[Data excerpts]
□ □ □ □ □ □ □
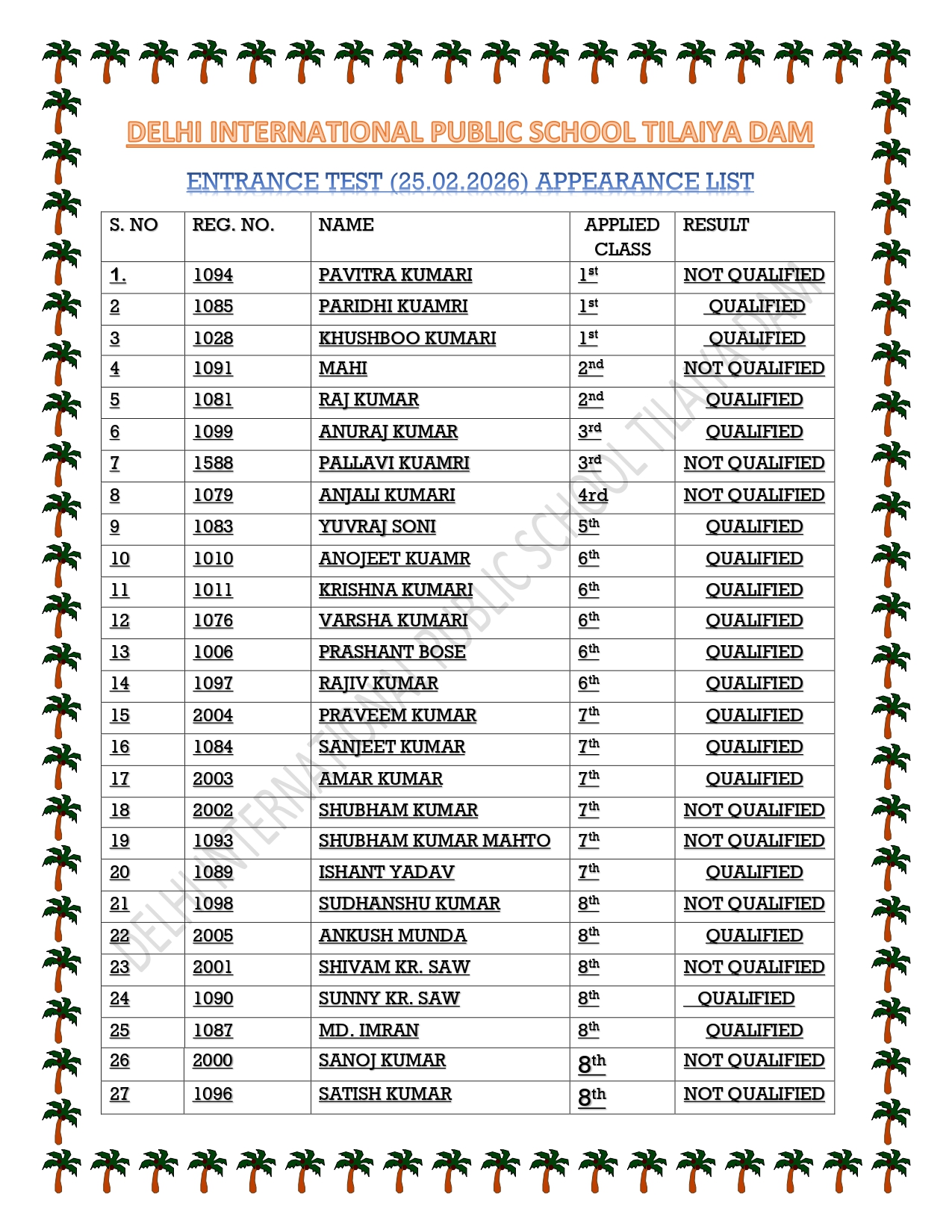 Result Published
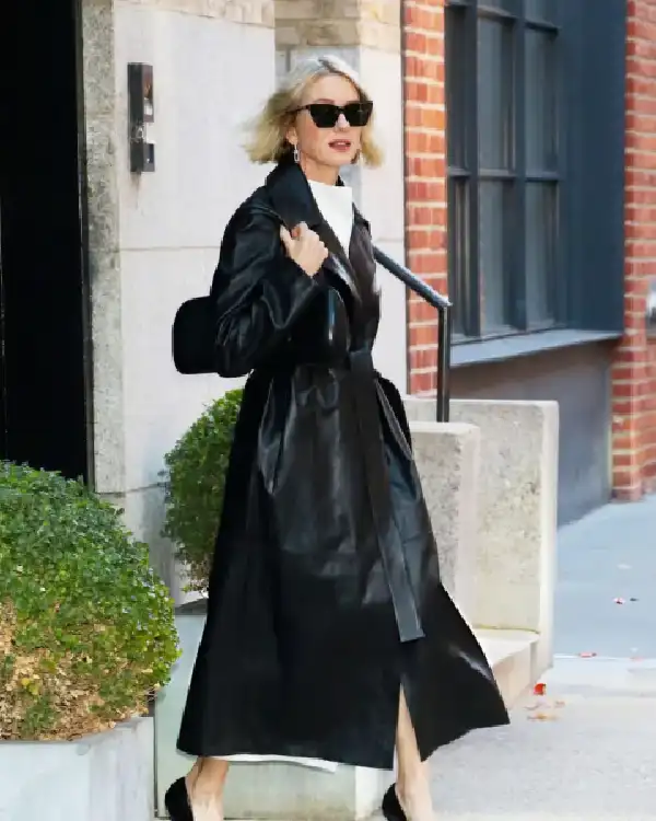 Naomi Watts NYC 2025 Black Long Leather Coat
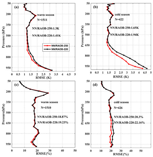 Profile retrieval RMSEs, with respect to RAOBs. (Red lines and black lines represent RMSE of NNs-250 and NNs-220, respectively. (a,b) Temperature RMSE on warm and cold season, respectively, (c,d) relative humidity RMSE on warm and cold season, respectively. RMSE marked in the figure is mean errors from 50 to 1000 hPa.).
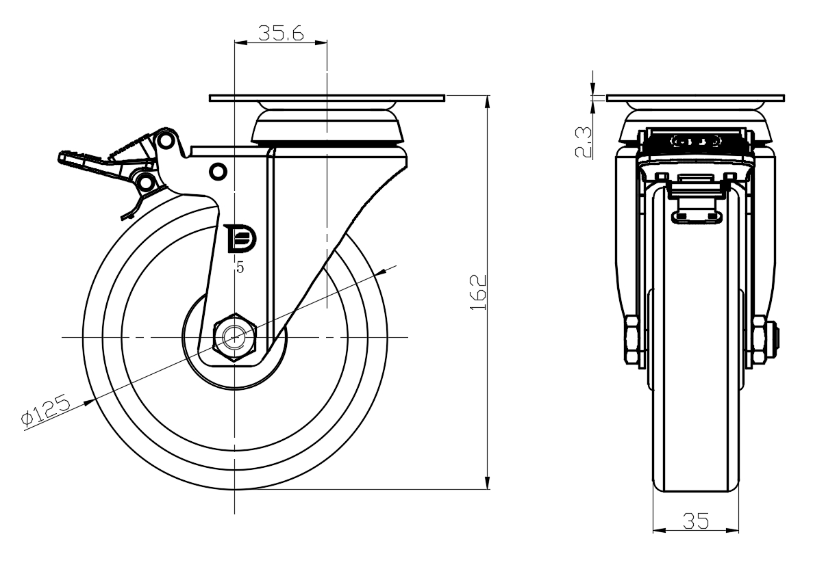 | Wheel tread: Thermoplastic (PA6) Wheel Center: Thermoplastic (PA6) Drawings are for reference only and may differ from the product |
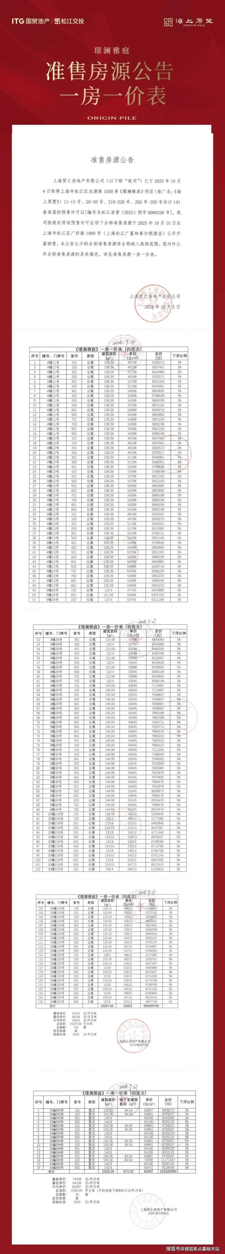 据悉,松江广富林墅居标杆【国贸海上原墅】四批次已过会,加推建面约105-150㎡洋房、叠加,均价54667元/㎡,正在认购中
□ □ □ □ □ □ □
*Work to complete*:
Exactly reproduce each record, leaving out any pictures.

*Your solution*:
 Result Published
 Naomi Watts NYC 2025 Black Long Leather Coat
 Profile retrieval RMSEs, with respect to RAOBs. (Red lines and black lines represent RMSE of NNs-250 and NNs-220, respectively. (a,b) Temperature RMSE on warm and cold season, respectively, (c,d) relative humidity RMSE on warm and cold season, respectively. RMSE marked in the figure is mean errors from 50 to 1000 hPa.).
 | Wheel tread: Thermoplastic (PA6) Wheel Center: Thermoplastic (PA6) Drawings are for reference only and may differ from the product |
 据悉,松江广富林墅居标杆【国贸海上原墅】四批次已过会,加推建面约105-150㎡洋房、叠加,均价54667元/㎡,正在认购中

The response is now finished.